Members of America’s Essential Hospitals deliver high-quality care to all people, including those who otherwise face barriers to care.
Three-quarters of essential hospitals’ patients are uninsured or have Medicaid or Medicare coverage. Along with their safety net mission, essential hospitals provide specialized, lifesaving services, such as level I trauma and neonatal intensive care; train many physicians, nurses, and other health care professionals; coordinate care across large ambulatory networks; and meet public health and crisis response needs.
Learn how essential hospitals build a healthy country for all and take a deep dive into data about our hospitals and the people and communities they serve with our annual member characteristics report, Essential Data: Our Hospitals, Our Patients.
Why We Must Formally Recognize Essential Hospitals
To safeguard access to care and protect communities in times of greatest need, Congress must statutorily designate essential hospitals for targeted support. Essential hospitals face challenges unique to their mission. Our members represent about 5 percent of all U.S. hospitals but provide more than a quarter of the nation’s charity care. Essential hospitals, on average, provide five times as much uncompensated care as other hospitals. due to their small share of commercially insured patients and historically underfunded mission.
We have ample precedent for formally designating classes of hospitals to stabilize and protect providers vital to the larger health care ecosystem. Examples include critical access hospitals and sole community hospitals. Today, essential hospitals lack similar and crucial protections.
Key Facts about Our Members
Members of America’s Essential Hospitals provide state-of-the-art care to the uninsured, low-income, and other vulnerable people who might otherwise have no place to turn. In many communities, our members are the sole source of services that benefit all: trauma and burn care, neonatal intensive care, chronic condition management, health professionals training, research, public health functions and others.
Our members work daily to improve the health of individuals and promote the economic health of communities throughout the nation. The data points below come from Essential Data 2025: Our Hospitals, Our Patients.
Complex Patients
- Essential hospitals’ patients generally are sicker and more complex than those served at other hospitals nationwide.

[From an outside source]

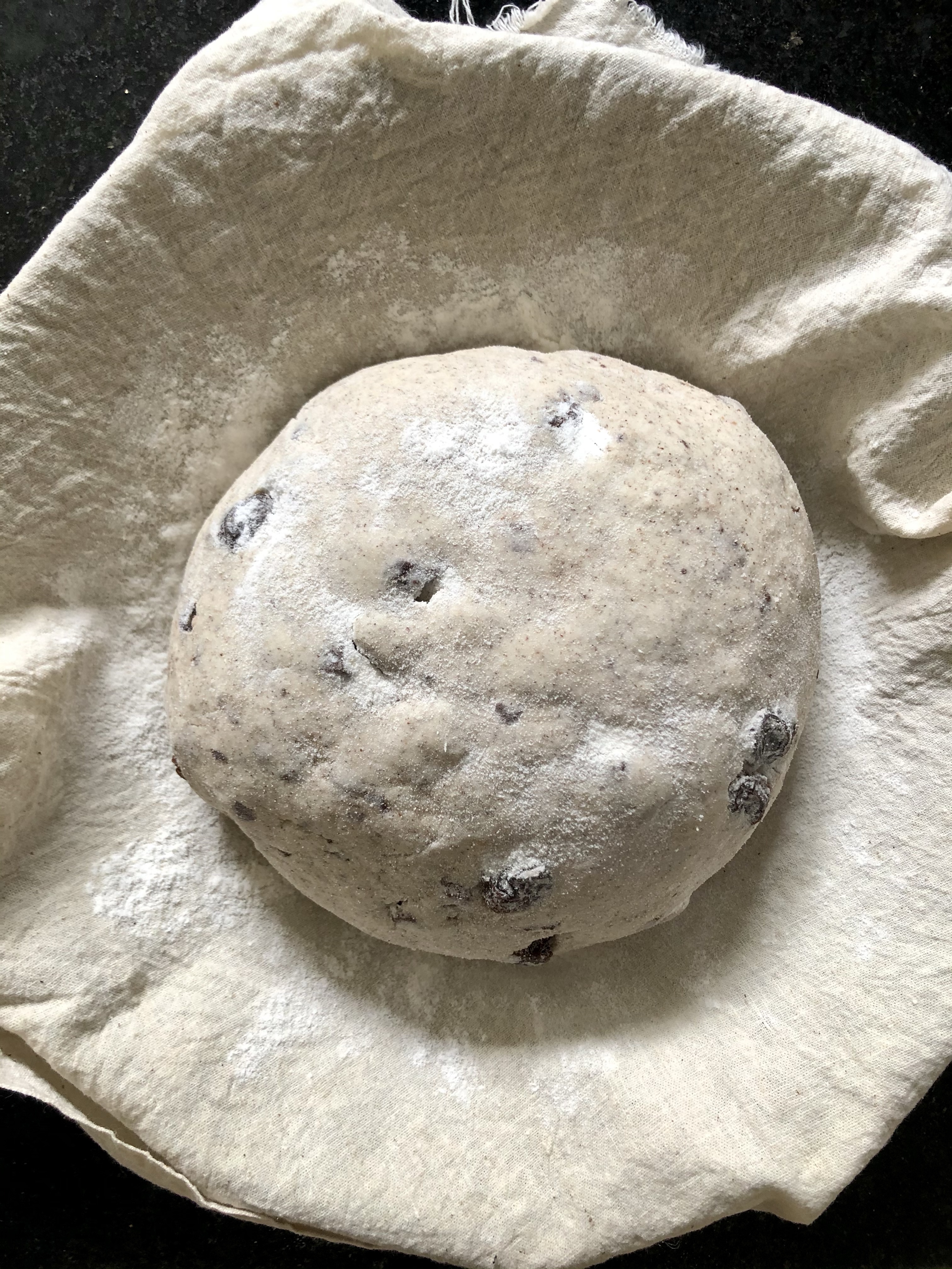 - En el último amasado aplastamos un poco el bollo con las palmas de la mano para aplanarlo un poco y en el centro agregamos los trocitos de chocolate y las pasas. Integramos con la masa hasta lograr nuestro bollo perfecto. Lo colocamos en un recipiente para pan enharinado. Si no tenés recipiente para pan podes improvisar uno como yo, utilizando un bowl grande y colocando un paño de cocina. Colocamos allí nuestro bollo y lo dejamos leudar hasta que duplique su volumen o incluso llegue al borde del bowl. El tiempo dependerá de la temperatura del ambiente, puede ser entre 4 y 6 horas, o hasta 8.

Committed to Underserved Communities
- Provided 29 percent of all charity care nationally, or about $8.6 billion, despite representing only 6% of hospitals nationwide.
- Served communities in which 16 percent of individuals live below the poverty line, 2.7 million people are unemployed, and nearly three-quarters were uninsured or covered by Medicaid or Medicare.
- Continue to have average operating margins far below the rest of the hospital industry. The aggregate operating margin for members in 2023 was −7.1 percent, compared with −2.3 percent for all hospitals nationwide.
Community Cornerstones
- Account for nearly a third of the nation’s level I trauma centers and 43% of burn care beds.
- Employed more than 960,000 people nationally and drove more than $307 billion in state economic output.
- Essential hospitals trained an average of 193 physicians (defined as U.S. medical and dental residents) per hospital, nearly three times as many as those trained at other U.S. teaching hospitals.
Building Healthy Communities
- 96 percent of essential hospitals operate a food insecurity program.
- 77 percent of essential hospitals operate a housing insecurity program.
- 96 percent of essential hospitals have a relationship with their local heath department.